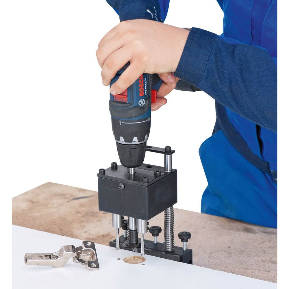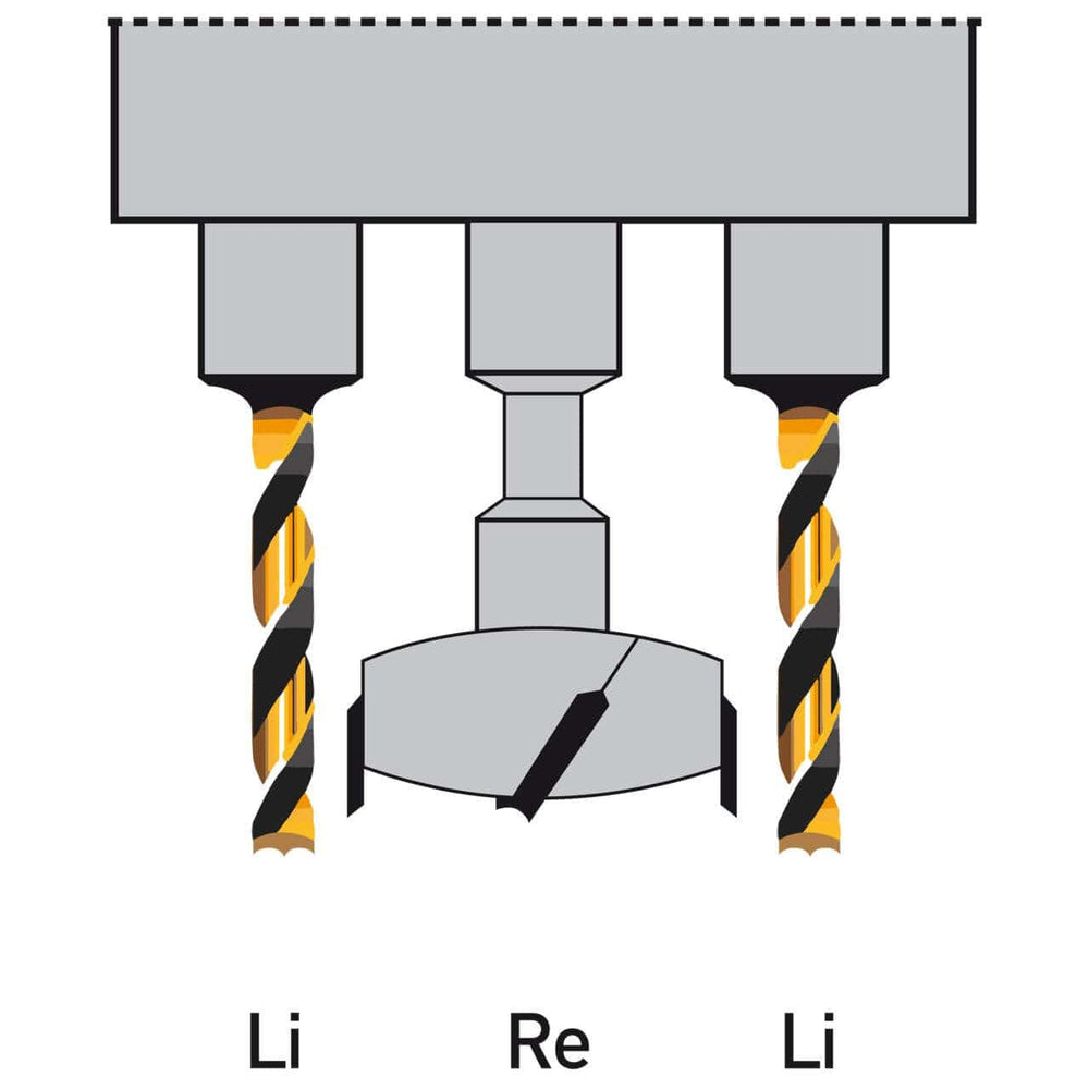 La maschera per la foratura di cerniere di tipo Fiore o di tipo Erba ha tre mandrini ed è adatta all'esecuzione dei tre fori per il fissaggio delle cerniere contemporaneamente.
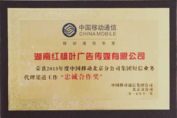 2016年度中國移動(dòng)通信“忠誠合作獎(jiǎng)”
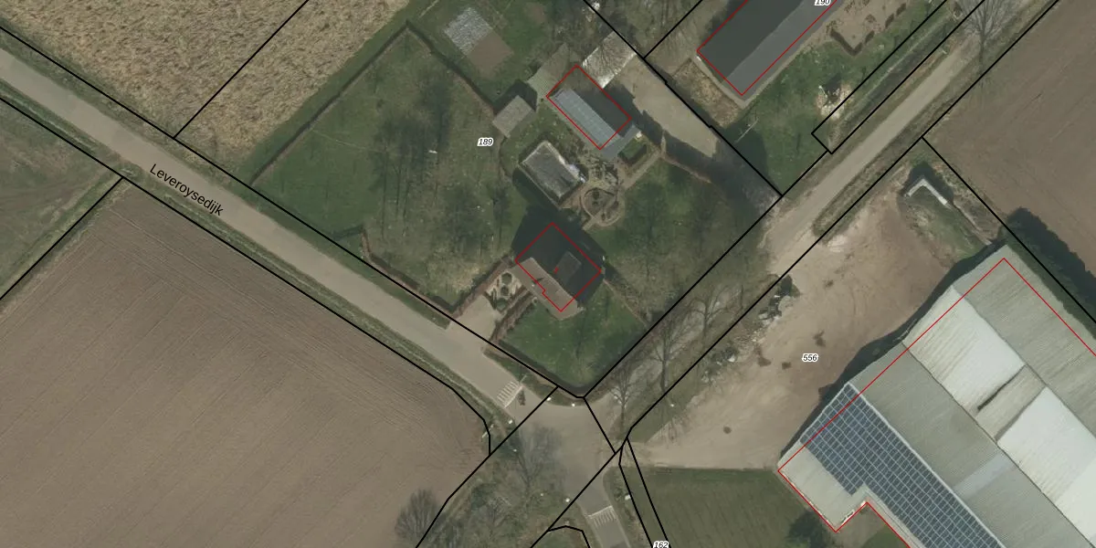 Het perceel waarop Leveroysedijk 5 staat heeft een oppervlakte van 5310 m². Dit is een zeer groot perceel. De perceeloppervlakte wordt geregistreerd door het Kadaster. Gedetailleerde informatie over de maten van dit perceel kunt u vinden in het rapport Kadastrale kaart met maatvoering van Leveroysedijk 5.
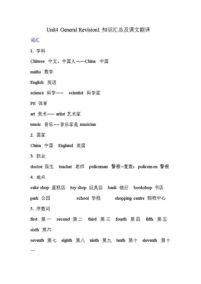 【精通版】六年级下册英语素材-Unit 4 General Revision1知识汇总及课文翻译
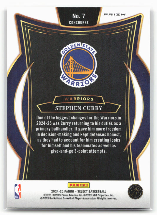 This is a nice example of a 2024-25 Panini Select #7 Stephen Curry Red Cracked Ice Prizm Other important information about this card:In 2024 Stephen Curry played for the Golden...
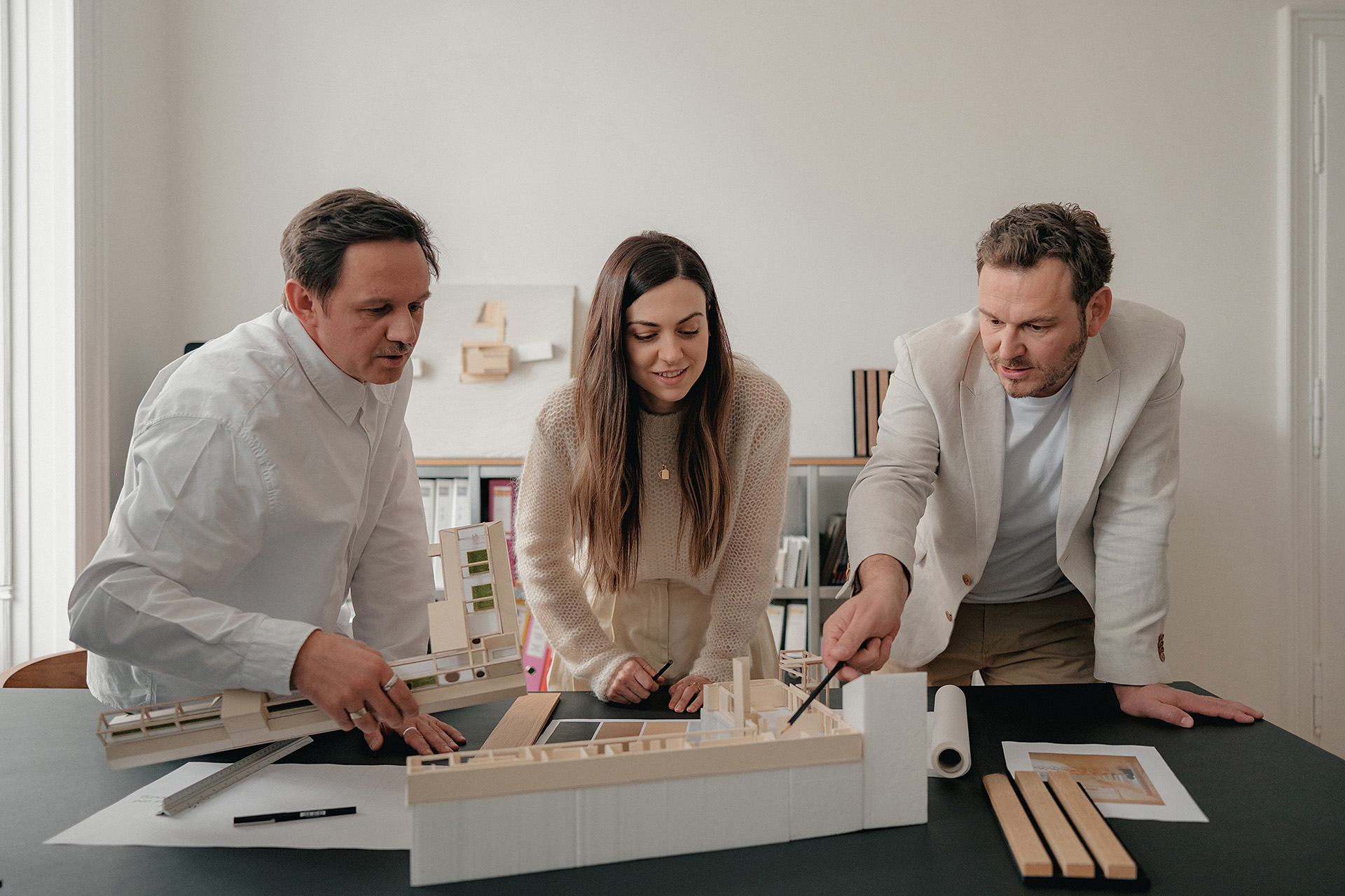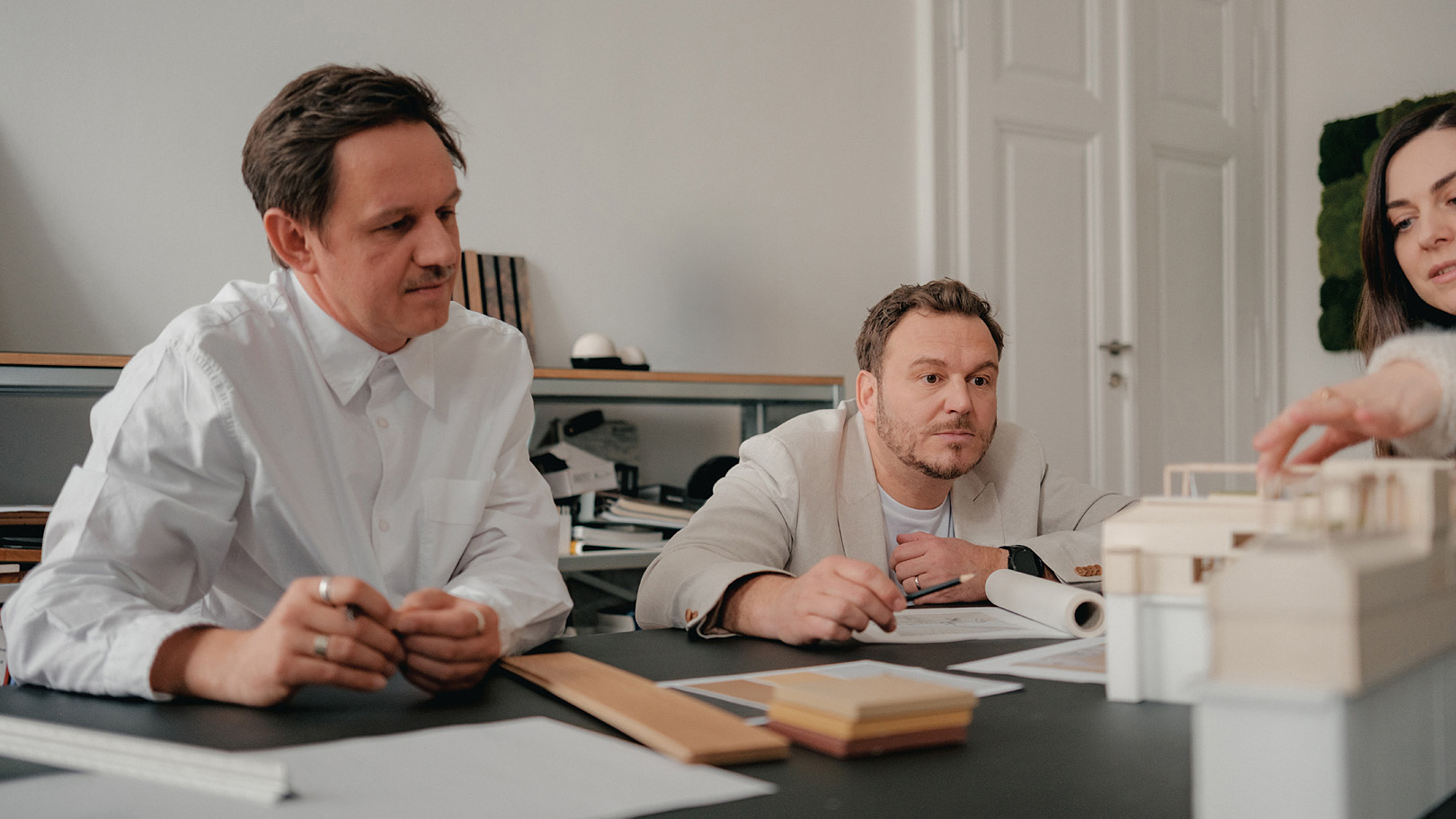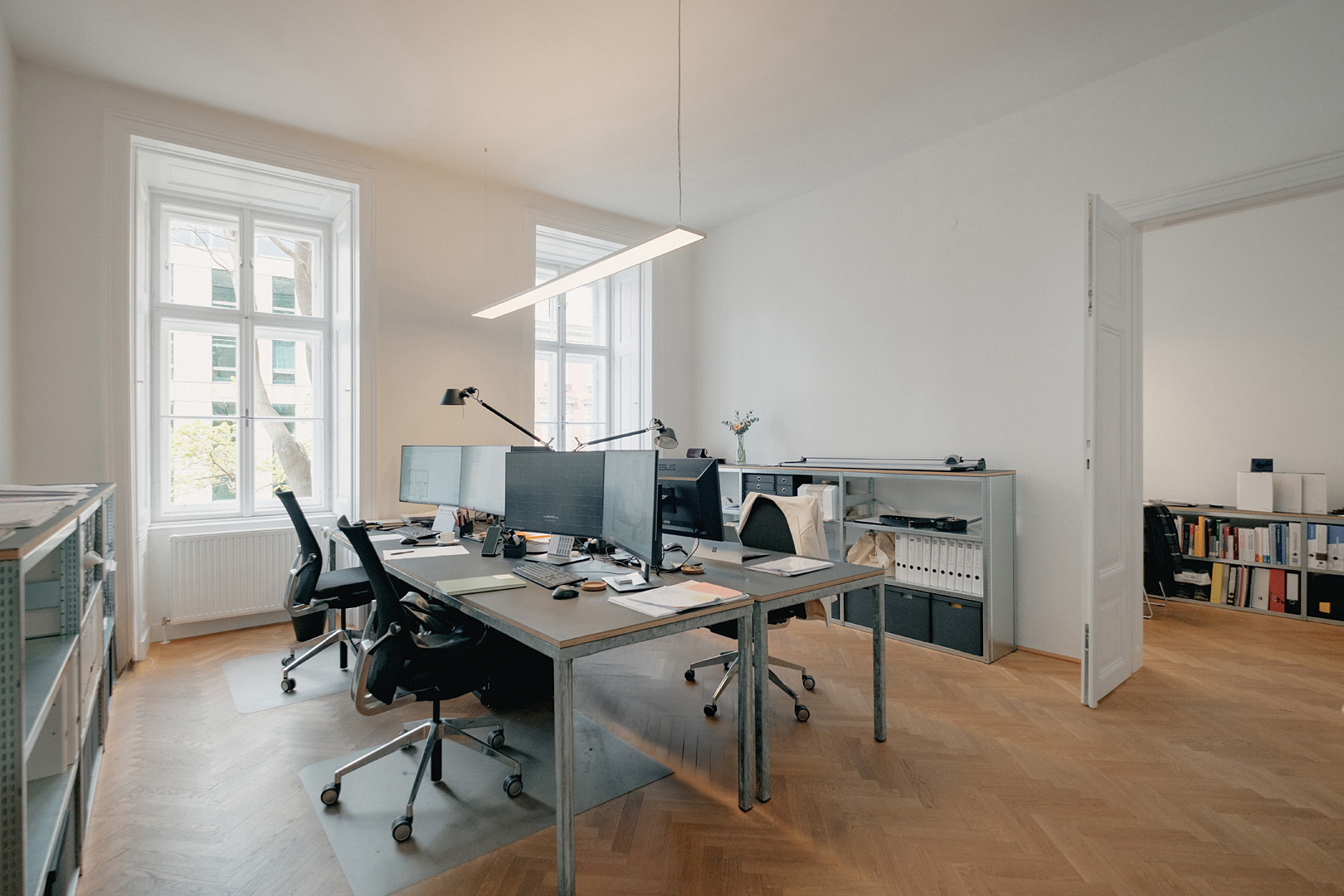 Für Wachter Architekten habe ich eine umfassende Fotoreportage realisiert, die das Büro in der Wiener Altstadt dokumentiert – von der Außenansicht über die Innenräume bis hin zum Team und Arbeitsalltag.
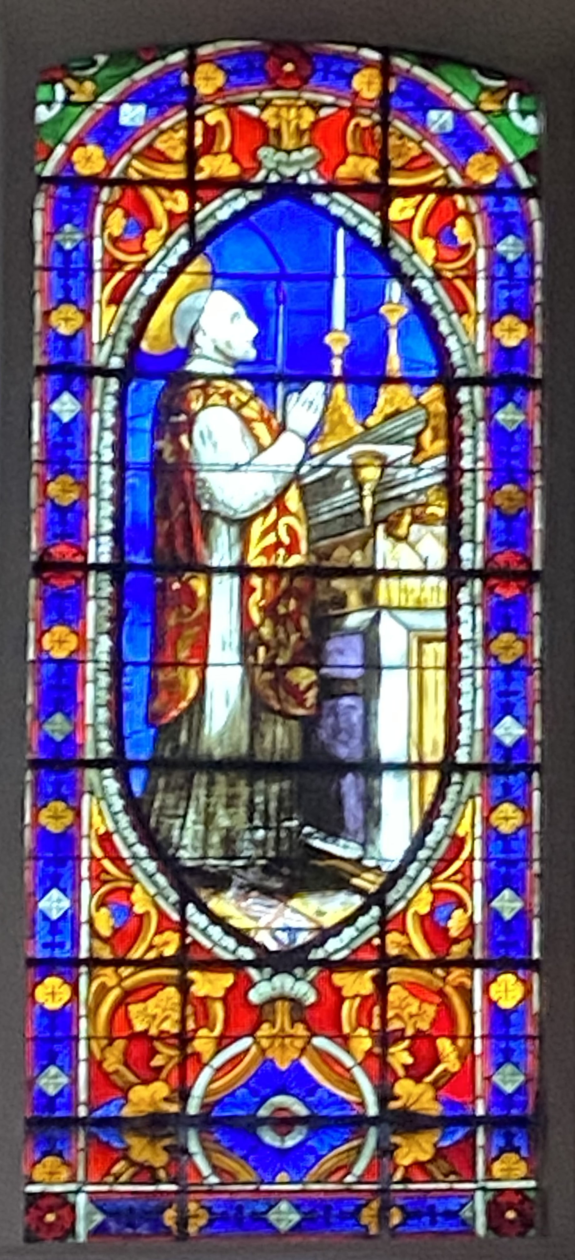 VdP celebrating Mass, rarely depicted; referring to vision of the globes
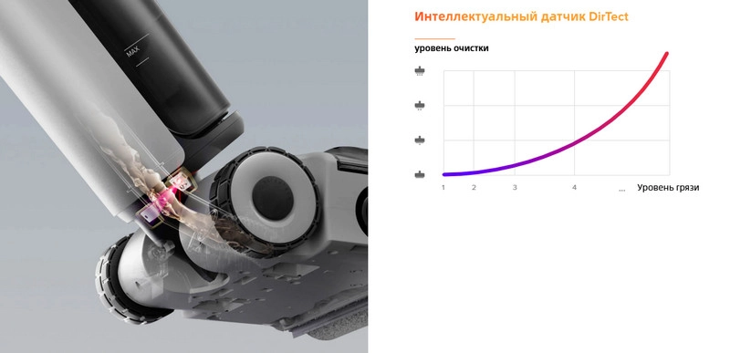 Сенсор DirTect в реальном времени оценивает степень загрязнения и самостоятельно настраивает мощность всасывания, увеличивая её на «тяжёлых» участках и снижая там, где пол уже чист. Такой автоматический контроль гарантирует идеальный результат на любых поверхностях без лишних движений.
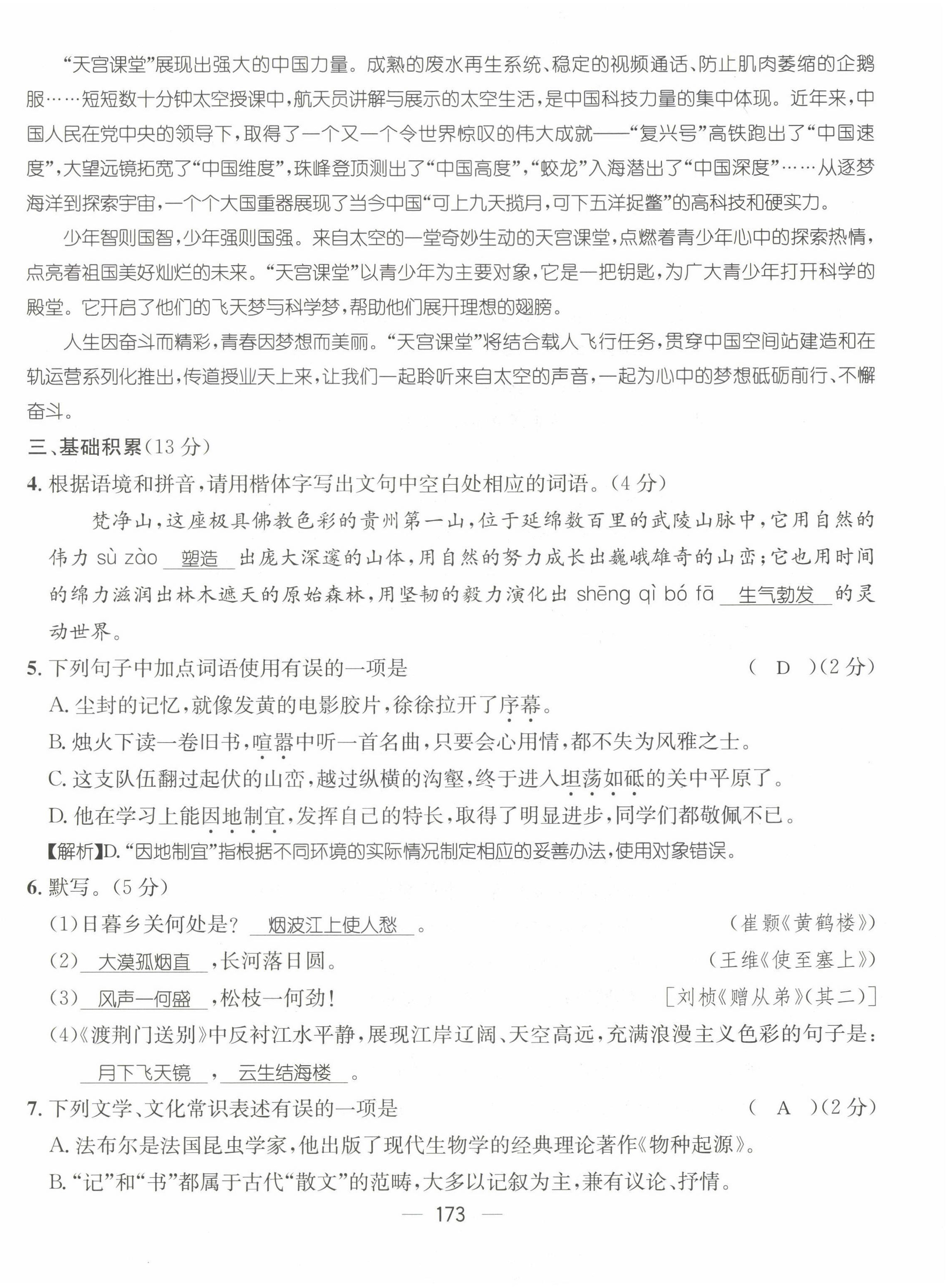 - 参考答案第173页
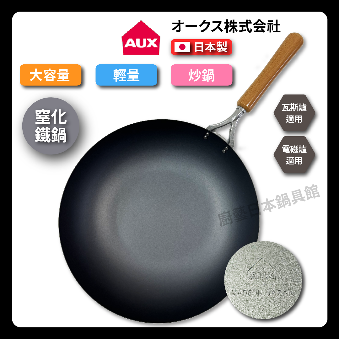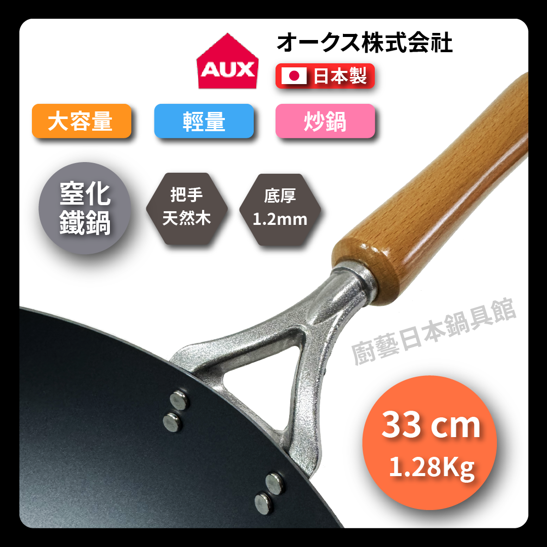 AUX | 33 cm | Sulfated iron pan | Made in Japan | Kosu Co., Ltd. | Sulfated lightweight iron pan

## DIRECTIONS
Every line between the one containing "- 参考答案第173页" and the end of the listing, both included, needs to be retyped exactly, minus the pictures.

## TASK RESULT
 - 参考答案第173页
 AUX | 33 cm | Sulfated iron pan | Made in Japan | Kosu Co., Ltd. | Sulfated lightweight iron pan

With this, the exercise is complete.